Sarebbe interessante ripercorrere l’itinerario legislativo e soprattutto giurisprudenziale che nel nostro
Paese ha interessato l’obiezione di coscienza per antonomasia, quella al servizio militare: la giurisprudenza,
il cosiddetto «diritto vivente», ha operato molto profondamente sul dettato legislativo, o «diritto vigente»,
concepito originariamente in termini abbastanza sfavorevoli ad essa, sia nella valutazione dei motivi previsti,
sia per la durata del «servizio sostitutivo», sia anche per altri aspetti, penali e amministrativi. La
giurisprudenza ha recepito, e anche, al tempo stesso, favorito, un cambiamento della valutazione etica di
alcune condotte rilevanti per la vita di tutti. In questo senso, potremmo dire che l’argomento che trattiamo è
di estremo interesse come «ponte» tra lo Stato e l’individuo, fondendosi con considerazioni più propriamente
filosofico-giuridiche sul ruolo dei convincimenti diffusi in una società per la formazione dell’ordinamento
giuridico, e sulla natura stesa del «dovere» giuridico: si tratta di un argomento estremamente vario, perché
molte sono le fattispecie che rientrano in considerazione (obiezione al servizio militare, all’aborto, al
giuramento, ai trattamenti sanitari obbligatori, a prestazioni lavorative contrarie a convinzioni ideologiche o
religiose e così via) e anche perché, per propria natura, è diacronico, in continua evoluzione storica. Questo
nostro contributo non vuole essere, e non potrebbe essere, una completa disamina del problema: ci
accontenteremo di svolgere alcune considerazioni di ordine filosofico per aiutare a elaborare una valutazione
serena e critica di alcuni presupposti della nostra cultura giuridica.
Considerazioni preliminari
È di fondamentale importanza osservare che, nonostante la pluralità di forme che assume l’obiezione di
coscienza e nonostante anche le incertezze della dottrina, un dato rimane comunque fermo: l’obiezione di
coscienza si pone come rifiuto di un dovere di diritto pubblico, ossia promanante dall’autorità statale. Non è
pensabile cioè un’obiezione a un dovere che nasce da un contratto privato, ossia da relazioni «private». In
questo senso, essa si dà, o si può dare, solamente nei rapporti tra il cittadino e il potere pubblico, che impone
determinati comportamenti.
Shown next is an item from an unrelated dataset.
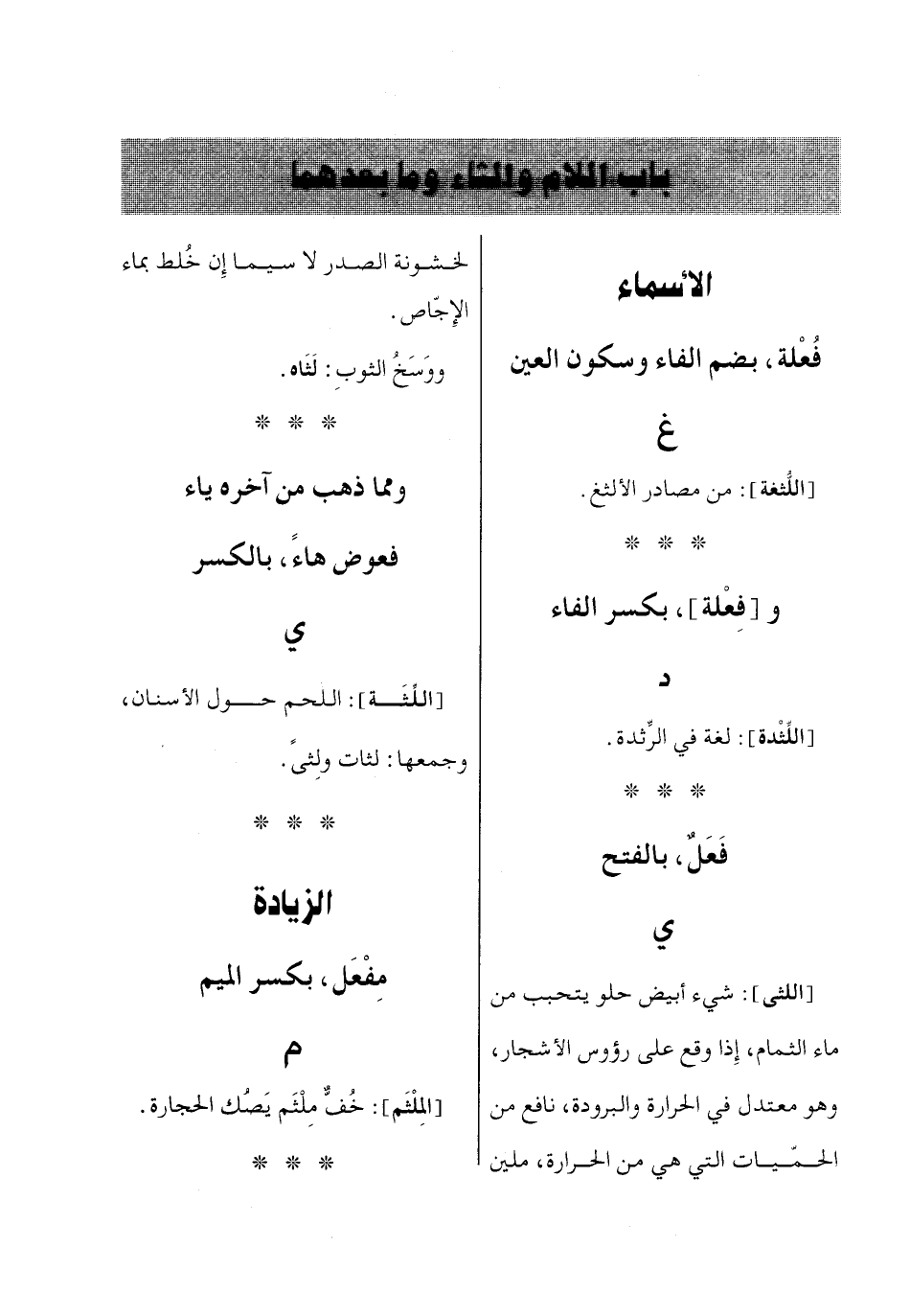 [اللثى]: شيء أبيض حلو يتحبب من ماء الثمام، إِذا وقع على رؤوس الأشجار، وهو معتدل في الحرارة والبرودة، نافع من الحمّيات التي هي من الحرارة، ملين لخشونة الصدر لا سيما إِن خُلط بماء الإِجّاص.

La dualità esasperata tra pubblico e privato è l’alveo naturale nel quale sorge il
problema: poiché il diritto è tout court pensato come legge, e con essa confuso, e poiché la legge, per sua
natura, non può che essere pubblica, comportamento imposto dall’alto a una massa di individui concepiti
come incapaci di essere regola a se stessi, irregolari e asociali, ne deriva che l’obiezione di coscienza non
può che essere ammessa se non nei limiti previsti dalla legge, sotto pena di stravolgere quella pace sociale
che la legge, attraverso i propri imperativi, vuole costituire. In altri termini, in una concezione positivista
come quella giuridica dominante, non può legittimamente darsi alcuna obiezione alla legge, a meno che la
legge non lo preveda: ma in questo caso in fondo non si può nemmeno parlare di obiezione vera e propria,
ma solamente di un diverso comportamento che può essere assunto, ossia di una facoltà concessa dalla legge,
come appunto quella di non prestare la propria opera professionale all’esecuzione di un intervento abortivo,
ovvero - quando esisteva, fino a tempi recentissimi, la leva obbligatoria - la facoltà di svolgere il cosiddetto
«servizio civile» in strutture non militari. In breve, per un positivista «di stretta osservanza», l’obiezione di
coscienza non esiste: tutt’al più esiste, ma come dato di fatto, non come fattispecie contemplata, il rifiuto di
obbedire alla legge, per il quale la legge stessa prevederà eventualmente sanzioni, magari anche non
necessariamente penali.
Ma, in fondo, anche nel caso opposto, ossia per il giusnaturalista «puro», la situazione è la stessa: per lui
la «vera» legge non è umana, ma superiore, morale se non divina, e, se la legge positiva ne differisce, non va
osservata, proprio perché non è (più) legge. Per lui la legge umana stessa non esiste, ma esiste soltanto il
dettame della propria coscienza. In fondo, un certo tipo di giusnaturalismo - non certo quello di San
Tommaso, ma quello di una certa manualistica, oppure quello di S. Pufendorf o di C. Thomasius - pensa di
poter prescindere dalla legge positiva, non riconoscendole una reale autonomia.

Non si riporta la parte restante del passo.